» **PROMPT**: In the listing below, find the line containing "在平江县周令钊美术馆,周令钊" and the line containing "0.040 60) |", then copy exactly everything from the first through the second, except the pictures.

» **DATA FOR ANALYSIS**:
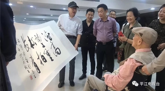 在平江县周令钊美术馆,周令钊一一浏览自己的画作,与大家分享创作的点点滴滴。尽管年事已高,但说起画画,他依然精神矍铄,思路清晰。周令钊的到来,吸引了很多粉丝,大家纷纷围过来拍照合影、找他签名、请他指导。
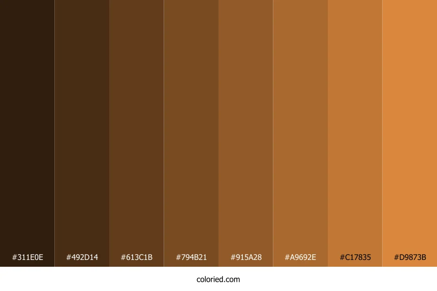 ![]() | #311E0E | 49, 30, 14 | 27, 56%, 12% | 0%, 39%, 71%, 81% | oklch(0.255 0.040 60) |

...

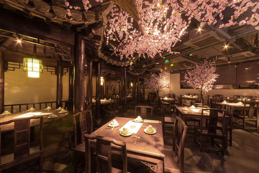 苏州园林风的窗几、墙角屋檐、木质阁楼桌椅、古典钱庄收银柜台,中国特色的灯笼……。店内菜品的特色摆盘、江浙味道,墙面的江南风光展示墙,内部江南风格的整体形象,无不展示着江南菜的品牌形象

» **RESULT**:
 在平江县周令钊美术馆,周令钊一一浏览自己的画作,与大家分享创作的点点滴滴。尽管年事已高,但说起画画,他依然精神矍铄,思路清晰。周令钊的到来,吸引了很多粉丝,大家纷纷围过来拍照合影、找他签名、请他指导。
 ![]() | #311E0E | 49, 30, 14 | 27, 56%, 12% | 0%, 39%, 71%, 81% | oklch(0.255 0.040 60) |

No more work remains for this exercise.